If logically pinpointing something as seemingly simple as the natural numbers depends on something as seemingly nontrivial as understanding the distinction between first-order and second-order logic, then (or so I imagine the argument will continue) we shouldn’t expect logically pinpointing something like morality to be any easier. In fact we have every reason to expect it to be substantially harder.
The definition of the order relation is nontrivial. In second-order Peano arithmetic you can define addition from the successor operation by induction, and then you can define a to be less than b if there is a positive integer n such that a + n = b. My understanding is that you cannot define addition this way in first-order Peano arithmetic. Instead it is necessary to explicitly talk about addition in the axioms. From here one could also go on to explicitly talk about the order relation in the axioms.
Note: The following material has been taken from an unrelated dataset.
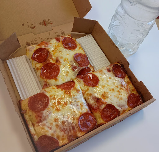Jets pizza is always great and this was no exception. Inasmuch as service is concerned ..... the folks here are extremely nice and friendly and have good personalities. BUT, Jets locations are always supposed to have slices ready for walk-ins. I came in and asked if they had slices ready, and the guy said, I'll check ... so he walked back to the kitchen, came back in a moment, and said, "4 minutes". So I ordered and paid for 2 slices. 12 minutes later there was still no sign of my slices. So I went back up to the counter and told them I was still waiting for my slices. They seemed to have no recollection of me or my order. Had to ask me my name again. They said, "just a minute", so I waited 3 more minutes and they finally brought me my slices, with an extra one added to make up for the wait. So I waited over 15 minutes for slices that are always supposed to be ready and available. Not such a terrible thing, but an inconvenience when I am travelling and every minute spent waiting means another mile lost. I really like that they have two tables with chairs and napkins that you can sit and eat at. So much better than eating...

Probably it’s because of the “no group” before it; cf “I can do anything” and “I can’t do anything”. Negations and quantifiers in English sometimes interact in weird ways, making it non-trivial to get the semantics from the syntax.
Wiktionary gives the meanings “at least one” and “no matter what kind”. The first likely doesn’t apply here, as it’s not used in a negation or question. To interpret “no matter what kind” to mean “every” seems like a stretch to me. I really do think the meaning of “any” is ambiguous here. “any” just specifies that we don’t have any further constraints on x. You could replace it with “every” or “at least one”, but not with “every even” or “at least one even”, as that would introduce a new constraint.
It doesn’t, but I was hypothesizing that the reason why on the first read it sounded to you as though it did was the negation (“no group”) before it.